Around the Internet, people do it every day. Hundreds of thousands of virtual items from dozens of video games – items that can be seen and used only while playing the game – change hands every year.
It’s a market created by companies and individual entrepreneurs who produce and collect make-believe goodies or play money for games like "EverQuest," "Lineage" and "World of Warcraft," and then sell them for actual dollars. And those dollars add up: Industry analysts say people worldwide are spending as much as $800 million each year on virtual add-ins for their video games.
It’s becoming such big business, in fact, that one game company that once frowned on the practice now wants a piece of the action. In April, Sony Computer Entertainment America became the first major publisher to allow players to exchange real money for virtual goods.
A Sony site called Station Exchange allows players to buy and sell virtual coins, gear and characters to one another, with Sony taking a percentage off the top.
"For us, watching the market grow into this huge, thriving gray market, it’s obvious that our subscriber base wants to take part in these activities," spokesman Chris Kramer said. "We needed to offer them an outlet that was secure and official."
In online world games – also known as massively multiplayer online games – every player is represented by a character on screen. The character interacts with other characters controlled by other players and fights against those characters or computer-controlled monsters. From those fights, players collect items that improve their characters’ skills and abilities.
Players can sell those items to other players for the game’s virtual currency, which is used to buy supplies. They can also make their own items for sale or to wear.
Until now, buying "EverQuest" goodies from someone else was like scalping tickets to an NBA playoff game – you might be able to do it, but you’d better not get caught.
People buy the items on Web sites run by the companies or in auctions run by individuals. They pay real money, using a credit card or online payment service, and in exchange, they’re supposed to receive an item from the video game of their choice, sent by another player.
It might seem ironic that people pay to buy items inside games that they already pay a monthly fee to play. After all, isn’t part of the challenge of a game finding terrific stuff and conquering tough opponents?
But those who use the services are often trying to help their characters become strong enough to face higher and better monsters and quests in the game – skipping the often-tedious process of gradually improving their character in favor of buffing their strength, stamina, intelligence or regeneration with the click of a mouse.
The sellers are often called farmers, because they typically make a specialty of settling in one area of the game and killing the bad guys in that area over and over again until they raise a huge hoard of play money or other rewards.
Complaints about farmers have been rampant.

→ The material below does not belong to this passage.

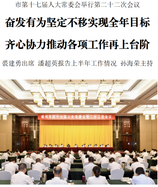 9月18日下午,嵊州市第十七屆人大常委會舉行第二十二次會議,聽取2024年上半年市政府、市法院、市檢察院工作情況報告。市委書記裘建勇出席會議并講話,市委副書記、市長潘超英報告工作情況。會議由市人大常委

People have paid up to $1,000 for a fully equipped character in a game like "EverQuest," only to have the seller change the password on the account so that the buyer can no longer play; the seller then re-sells the account to someone else.
Most game publishers – including Sony – have sought to keep players from spending all day mowing down bad guys in their games just to sell their stuff on eBay. The contract players must accept before joining almost every online world game forbids them from selling anything from the game for real-life cash.

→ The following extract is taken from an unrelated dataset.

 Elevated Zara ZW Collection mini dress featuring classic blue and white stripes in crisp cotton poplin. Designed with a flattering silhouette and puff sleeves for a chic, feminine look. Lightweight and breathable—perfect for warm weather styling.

But that hasn’t stopped people from doing just that. Despite widespread account bans and other harsh penalties, sites such as www.ige.com and www.mysupersales.com peddle piles of gold coins and tens of thousands of in-game items to people who snap them up for as much as several hundred dollars.
Sony says that it will still enforce the provisions in its user agreement that prevent people from being rude to one another while they’re looking for good items in the game. No automated characters called bots, run by computer scripts, are allowed, for instance. And you can’t move into the places in the game’s landscape where good things appear and repeatedly kill them before other players can get to them.
Sony says the auction fees will help pay for more people to watch for those infractions. Other game companies aren’t so sure, saying they’d rather draw the line more cleanly by not allowing any sales.
Sony and NCSoft, makers of the worldwide best-selling "Lineage" series and "City of Heroes," have banned thousands of accounts believed to be owned by farmers and farming companies.
"It really diminishes the enjoyment of the game for other players," NCSoft spokesman Mike Crouch said. Farmers "are these uber characters. They’re terminators. They don’t distinguish between mobs to be killed and other players. It’s a question of game balance at that point. We don’t want to encourage bad behavior by our players."
That said, NCSoft is among those monitoring Sony’s experiment to see how it pans out, Crouch said, adding: "We’ll watch this to see how it impacts the game."
© 2005, Detroit Free Press. Distributed by Knight Ridder/Tribune Information Services.